--- START ---

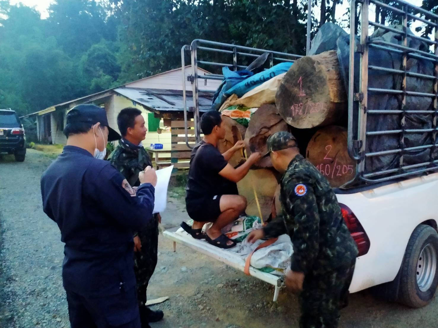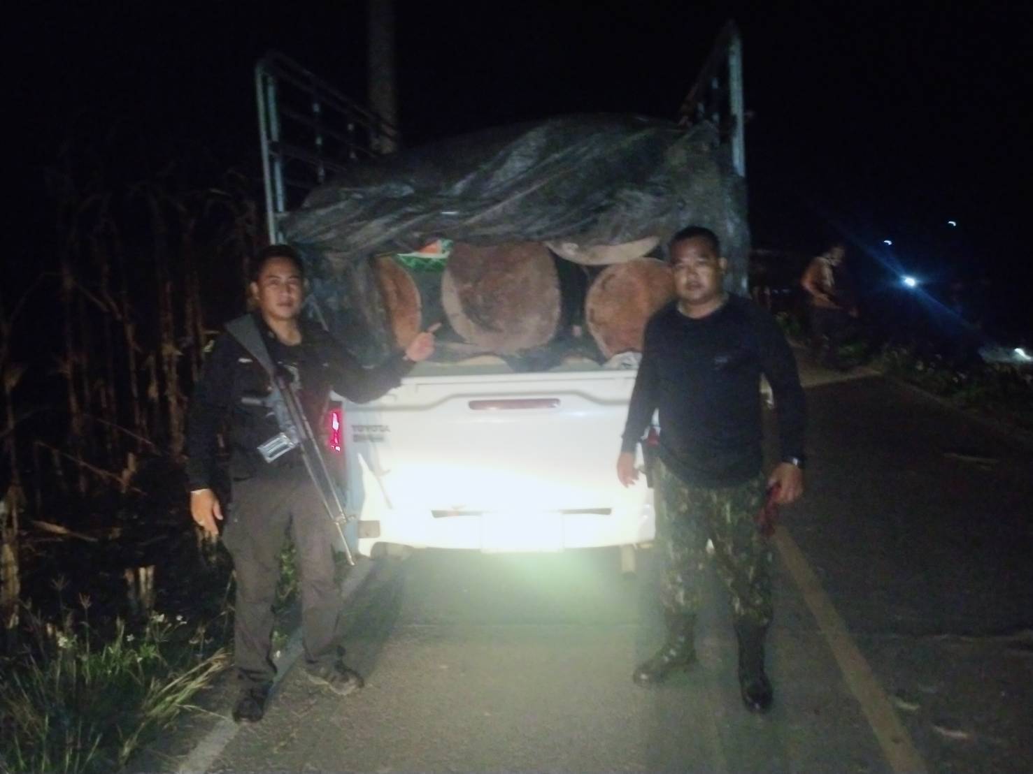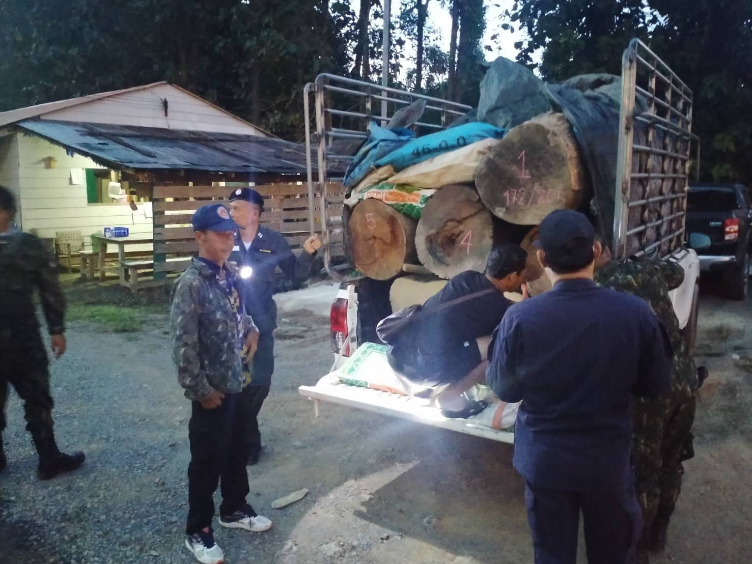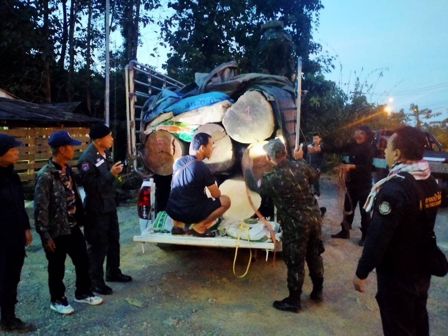 ป่าไม้แพร่ ร่วม ตำรวจ สภ.ไผ่โทน และฝ่ายปกครอง จ.แพร่จับขบวนไม้เถื่อนส่งขายต่างชาติ ส่วนคนขับหนีไปกับความมืด
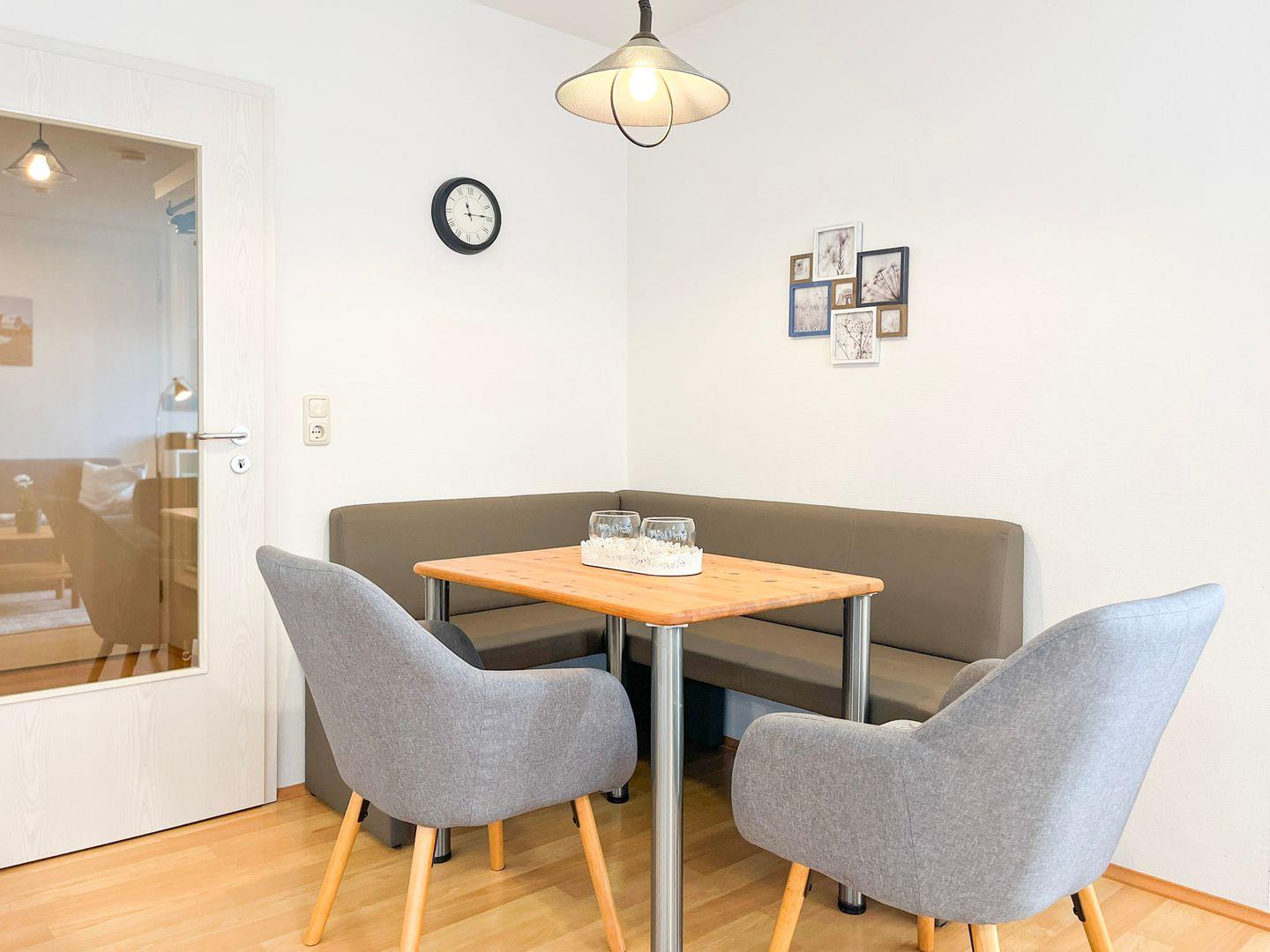 Der Wohnbereich ist hell und modern eingerichtet. Hier lädt die gemütliche Couch zum Verweilen ein. Es stehen dir ein Flachbild-TV und eine Stereoanlage zur Verfügung. Zusätzlich lassen die zahlreichen Bücher keine Langeweile aufkommen. Die Couch (160 x 200 cm) kann durch Ausklappen in einen Komfortschlafplatz für zwei Personen verwandelt werden. Der moderne Esstisch bietet den idealen Platz für gemeinsame Mahlzeiten. Vom Wohnzimmer aus hast du Zugang zum Süd-Balkon mit Ausblick ins Grüne.
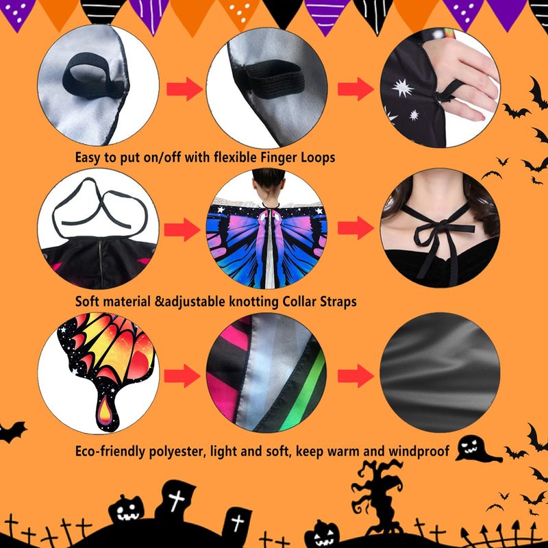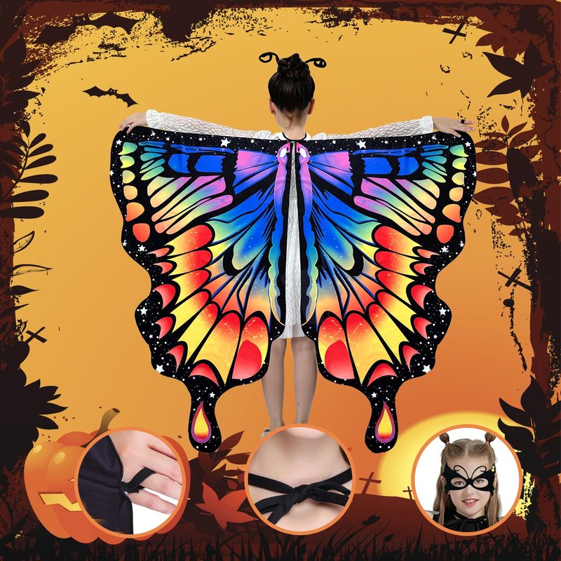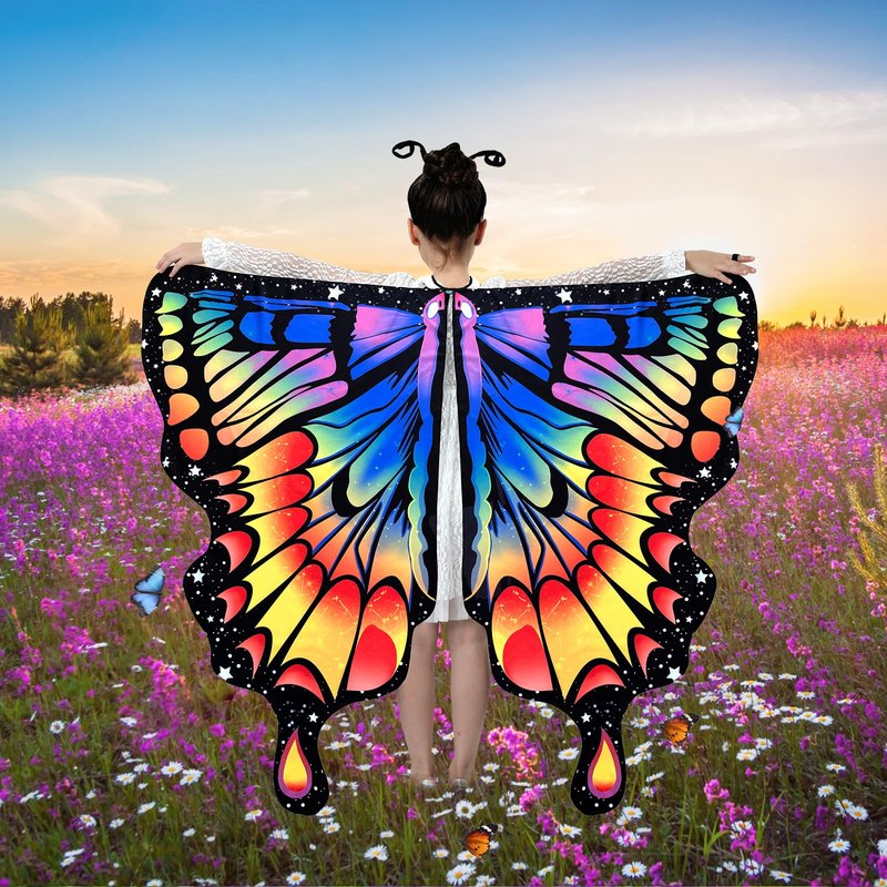 - MAGIC BUTTERFLY COSTUME FOR GIRLS - The girls butterfly wings shawl designed like a real butterfly. You can attach the butterfly cape tie ribbon at the neck, connect your finger with the flexible loop. Imagine that your lovely girl are a stunning butterfly or a fairy when the butterfly wings floats in the wind.
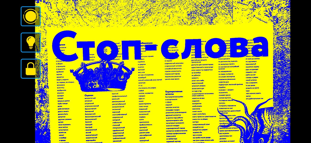 При открытии Vision в левом верхнем углу можно видеть три кнопки. Первая отвечает за изменение контрастности изображения в камере. Это нужно для того, чтобы было проще распознать и прочитать текст. Помимо простого повышения контрастности также доступны чёрно-белый, бело-черный и желто-синий фильтры. С помощью качельки регулировки громкости можно тут же увеличить текст в два или три раза.
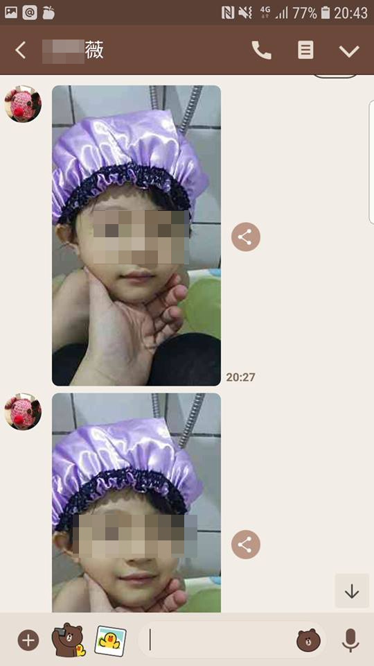 原來這件讓他白開心的紫色布料,其實是老婆買給女兒的浴帽啦XD
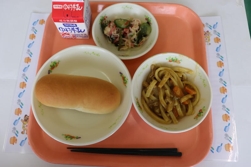 減量コッペパン、カレーうどん、海藻サラダ、牛乳
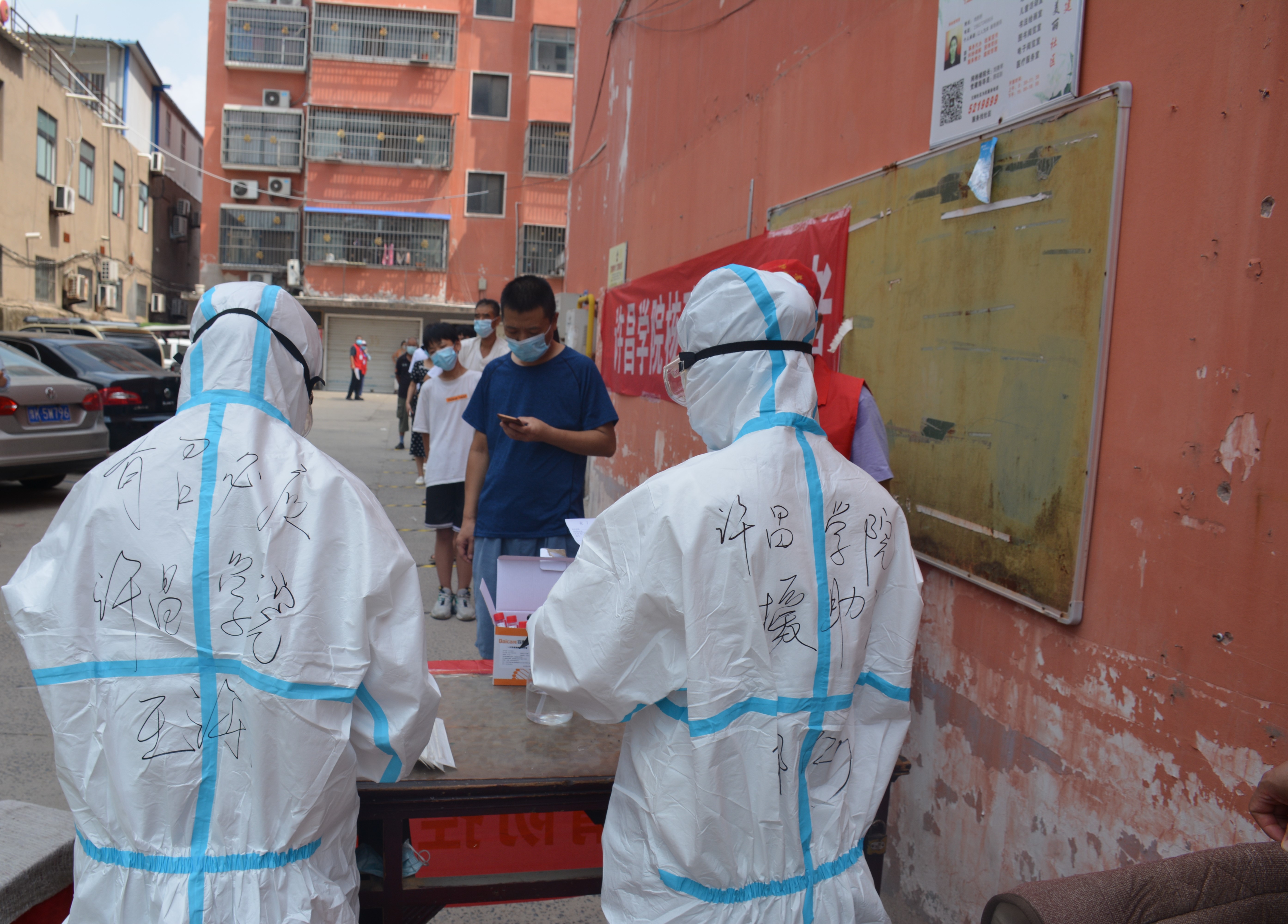 9时许,志愿者服务队先期抵达许由街道办事处文翰社区兴昌小区,迅速对接理顺工作流程。在进行核酸采样操作规范、穿脱防护服、采样信息录入等强化培训后,志愿者们换上密闭防护服迅速投入工作,消毒、采样、拭子装管……有条不紊,配合默契。全体志愿者充分发挥不怕苦、不怕累的精神,用实际行动践行医者初心,为打赢疫情防控阻击战作出应有的贡献。
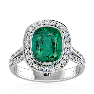 3.13ct Zambian Emerald set in Vintage Halo Natural Diamond Ring
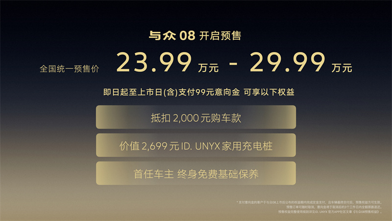 2026年3月26日,金標大眾家族的首位旗艦成員與眾08正式開啟預售,預售價格23.99萬元起,這波操作,可以說是大眾汽車以“中國速度”交出的又一份驚艷答卷。
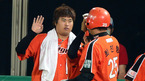 [OSEN=목동,지형준 기자] 25일 오후 서울 목동구장에서 열린 '2012 팔도 프로야구' 넥센 히어로즈와 한화 이글스의 경기, 9회초 한화 박찬호와 류현진이 더그아웃에서 이야기를 나누고 있다. 이날 넥센은 '핵잠수함' 김병현(33)을, 한

--- END ---

Transcribe nothing but the lines from the one containing "原來這件讓他白開心的紫色布料,其實是老婆買給女兒的浴帽啦XD" through the final line of the records, exactly as written and without pictures.

Result:
 原來這件讓他白開心的紫色布料,其實是老婆買給女兒的浴帽啦XD
 減量コッペパン、カレーうどん、海藻サラダ、牛乳
 9时许,志愿者服务队先期抵达许由街道办事处文翰社区兴昌小区,迅速对接理顺工作流程。在进行核酸采样操作规范、穿脱防护服、采样信息录入等强化培训后,志愿者们换上密闭防护服迅速投入工作,消毒、采样、拭子装管……有条不紊,配合默契。全体志愿者充分发挥不怕苦、不怕累的精神,用实际行动践行医者初心,为打赢疫情防控阻击战作出应有的贡献。
 3.13ct Zambian Emerald set in Vintage Halo Natural Diamond Ring
 2026年3月26日,金標大眾家族的首位旗艦成員與眾08正式開啟預售,預售價格23.99萬元起,這波操作,可以說是大眾汽車以“中國速度”交出的又一份驚艷答卷。
 [OSEN=목동,지형준 기자] 25일 오후 서울 목동구장에서 열린 '2012 팔도 프로야구' 넥센 히어로즈와 한화 이글스의 경기, 9회초 한화 박찬호와 류현진이 더그아웃에서 이야기를 나누고 있다. 이날 넥센은 '핵잠수함' 김병현(33)을, 한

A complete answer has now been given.